:: Aim of the exercise ::
For the data that follows, print the line with "Florile de tei", the line with "北京市八一學校是習近平總書記", and all lines between them, exactly as they stand. Omit pictures and add nothing.

:: Available records ::
========

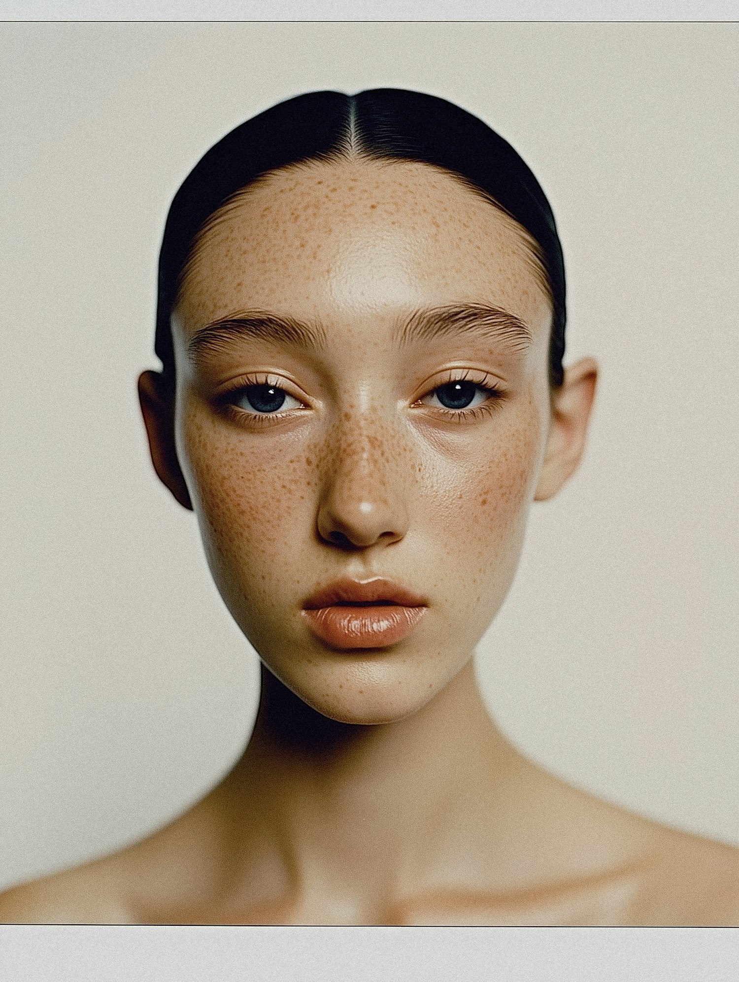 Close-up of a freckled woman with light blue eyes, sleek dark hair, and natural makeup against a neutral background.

========

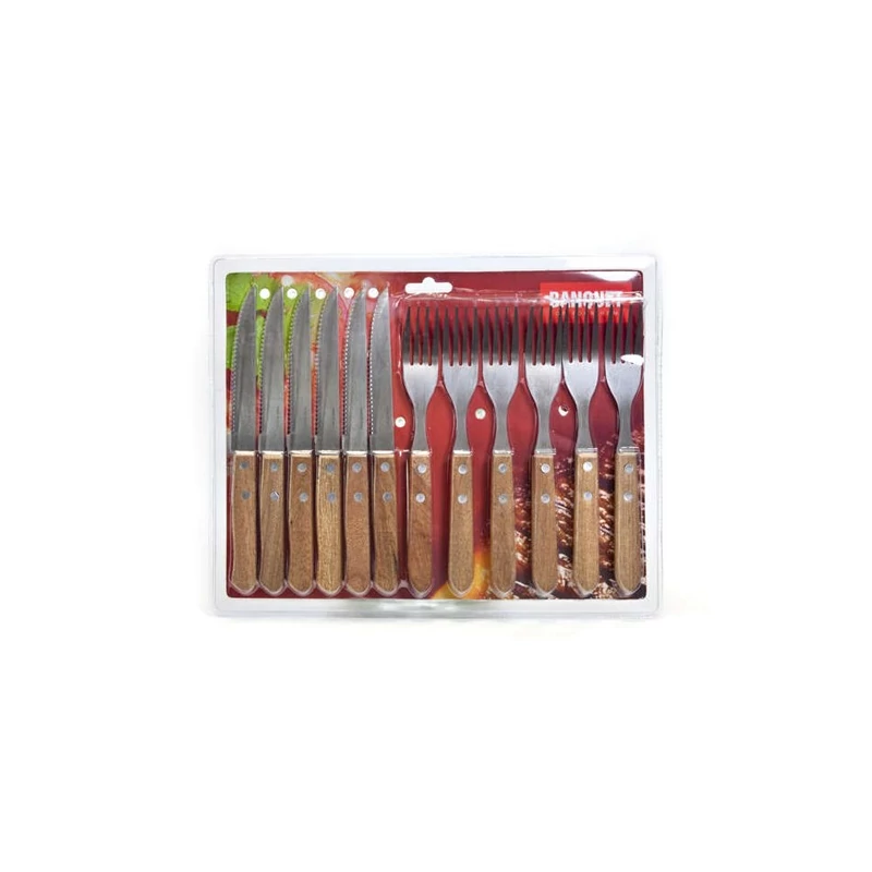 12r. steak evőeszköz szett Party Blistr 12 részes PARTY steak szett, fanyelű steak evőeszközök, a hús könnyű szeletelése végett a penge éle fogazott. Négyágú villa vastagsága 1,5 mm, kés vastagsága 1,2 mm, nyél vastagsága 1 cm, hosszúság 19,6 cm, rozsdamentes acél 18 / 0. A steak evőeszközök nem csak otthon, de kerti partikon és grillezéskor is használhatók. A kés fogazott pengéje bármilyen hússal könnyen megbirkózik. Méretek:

========

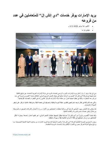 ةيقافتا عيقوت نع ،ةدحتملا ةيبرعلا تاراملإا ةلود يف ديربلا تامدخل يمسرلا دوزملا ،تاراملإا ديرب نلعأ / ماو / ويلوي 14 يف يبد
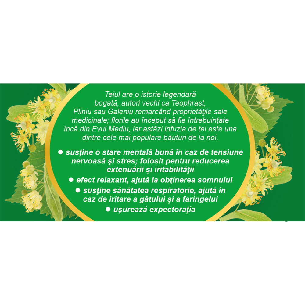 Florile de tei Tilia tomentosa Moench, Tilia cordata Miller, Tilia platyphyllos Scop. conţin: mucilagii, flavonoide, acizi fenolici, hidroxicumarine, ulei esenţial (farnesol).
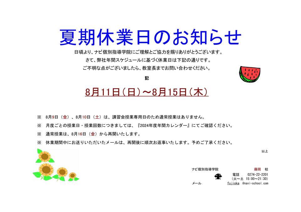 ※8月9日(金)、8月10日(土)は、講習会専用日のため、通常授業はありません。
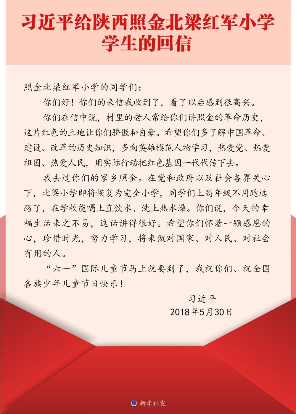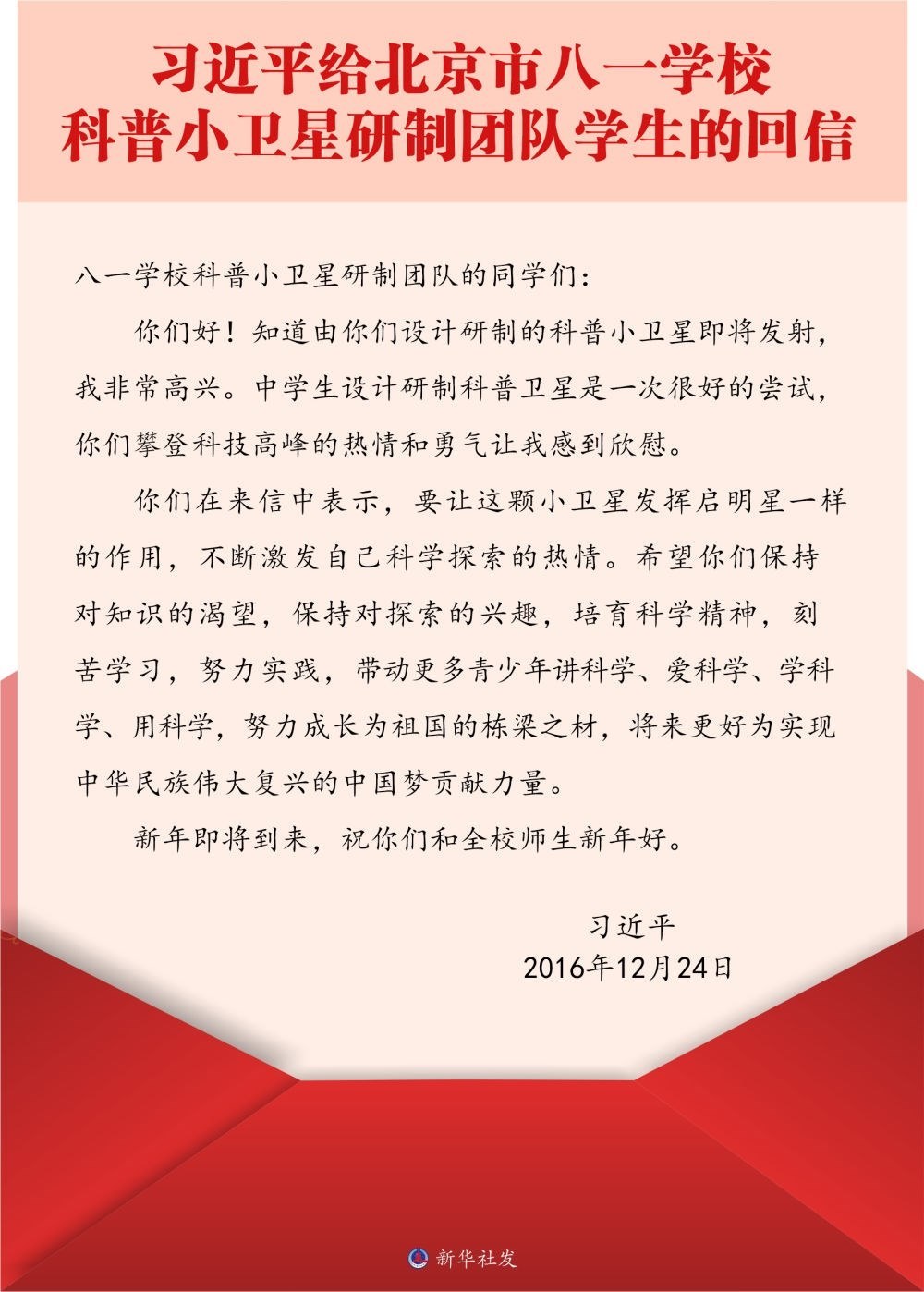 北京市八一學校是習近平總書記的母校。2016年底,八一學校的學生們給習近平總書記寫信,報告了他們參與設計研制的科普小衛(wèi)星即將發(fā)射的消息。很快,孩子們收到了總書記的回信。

========

:: Expected answer ::
 Florile de tei Tilia tomentosa Moench, Tilia cordata Miller, Tilia platyphyllos Scop. conţin: mucilagii, flavonoide, acizi fenolici, hidroxicumarine, ulei esenţial (farnesol).
 ※8月9日(金)、8月10日(土)は、講習会専用日のため、通常授業はありません。
 北京市八一學校是習近平總書記的母校。2016年底,八一學校的學生們給習近平總書記寫信,報告了他們參與設計研制的科普小衛(wèi)星即將發(fā)射的消息。很快,孩子們收到了總書記的回信。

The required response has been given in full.